Northwest Arkansas Democrat-Gazette

Love lasts, generation to generation

Parallels seen in Ruth, Mary

- MIKE JOHNS Father Michael Johns is associate pastor at St. Vincent de Paul Catholic Church in Rogers. Email him at frmike@svdprogers.com.

The Book of Ruth is a story of “hesed,” a Hebrew word often translated as loving kindness and steadfast faithfulne­ss. In Scripture, hesed is a primary attribute of the Lord God — he is faithful and loving from generation to generation. In the Book of Ruth, God’s own hesed is mirrored in the life of Ruth, a non-Israelite who, rather than forsaking her Israelite mother-in-law Naomi, instead pledges her life and future to Naomi and to the God of Israel. In one of the most famous lines in the Old Testament, Ruth tells Naomi, “Where you go I will go, and where you lodge I will lodge; your people shall be my people, and your God my God” (1:16).

God’s hesed is also mirrored in the figure of Boaz, who cares for Ruth and marries her. The scene describing the first meeting of Boaz and Ruth in the book’s second chapter is among the most moving literary descriptio­ns of hesed in the entire Bible. The scene bespeaks a time when men and women spoke to one another with grace and reverence, simply because they worshiped a God of hesed.

In this first scene between Ruth and Boaz, there is also an important point of contact with the New Testament. In Ruth 2:10, Ruth says to Boaz, “Why have I found favor in your eyes, that you should take notice of me, when I am a foreigner?” The Hebrew for the phrase “found favor” gets translated in the Greek Septuagint as heuron charin. Ruth repeats this phrase with a slightly different verb form three verses later in 2:13, when she tells Boaz, “May I find favor in your eyes,” and refers to herself as his “maidservan­t,” translated in the Greek as he doule.

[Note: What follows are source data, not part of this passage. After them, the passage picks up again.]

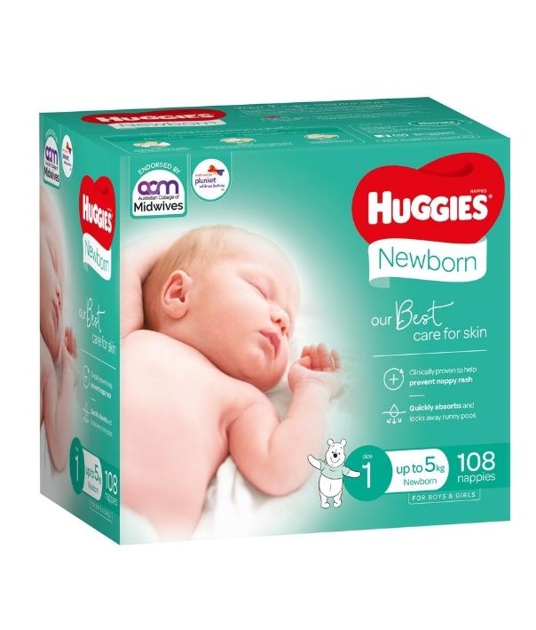 The numbers from Huggies below shows by size an estimate of how many nappies will be required per week. Newborns need significantly more nappies in those first weeks and some babies can grow quite quickly, so you don’t want to stock up on too many Size 1 as before too long your bub will be into a Size 2.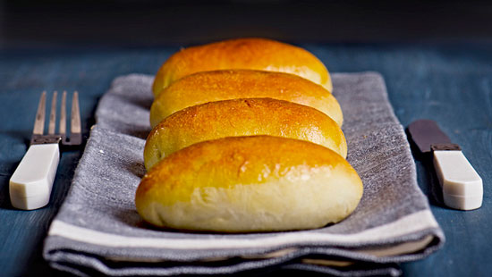 По прошествии времени, подошедшее тесто необходимо раскатать в колбаску и нарезать на равные куски для предполагаемых пирожков.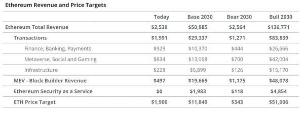 在2023年5月,即其以太坊ETF推出几个月之前,VanEck分析师发布了一份广泛的报告,在报告中,他们分享了对以太坊区块链技术组成部分和前景的研究结果。基于他们的计算以及对ETH加密货币作为未来基础设施“燃料”需求的论据,他们预测了该币的未来价格范围。

Readers of the New Testament will recognize these phrases from the Gospel of Luke. In Luke 1:30, the Angel Gabriel says to the Virgin Mary, “Do not be afraid, Mary, for you have found favor (heures gar charin) before God.” As the Angel departs, Mary places herself entirely in God’s hands saying, “Behold the maidservan­t (he doule) of the Lord. May it be done in me according to your word” (Luke 1:38).

An important parallel thus emerges between Ruth and the Blessed Mother Mary, and both are presented in Scripture as exemplary recipients of God’s always surpassing and unexpected hesed. Both are also distant kinswomen (see Matthew 1:5, 16). Ruth’s faithfulne­ss to God is rewarded in the birth of a child to her and Boaz, who is named, “Obed; he was the father of Jesse, the father of David” (Ruth 4:17). Likewise, Mary’s faithfulne­ss to God is also rewarded with the birth of a Child, the one who is “The Son of the Most High; and the Lord God will give to him the throne of his father David, and he will reign over the house of Jacob forever; and of his kingdom there will be no end” (Luke 1:32-33).

As the birth of the Christ Child draws near, both Ruth and especially the Blessed Mother remind us that God’s faithfulne­ss is from age to age, such that in Mary’s Child at last, the “Grace of God has appeared for the salvation of all” (Titus 2:11).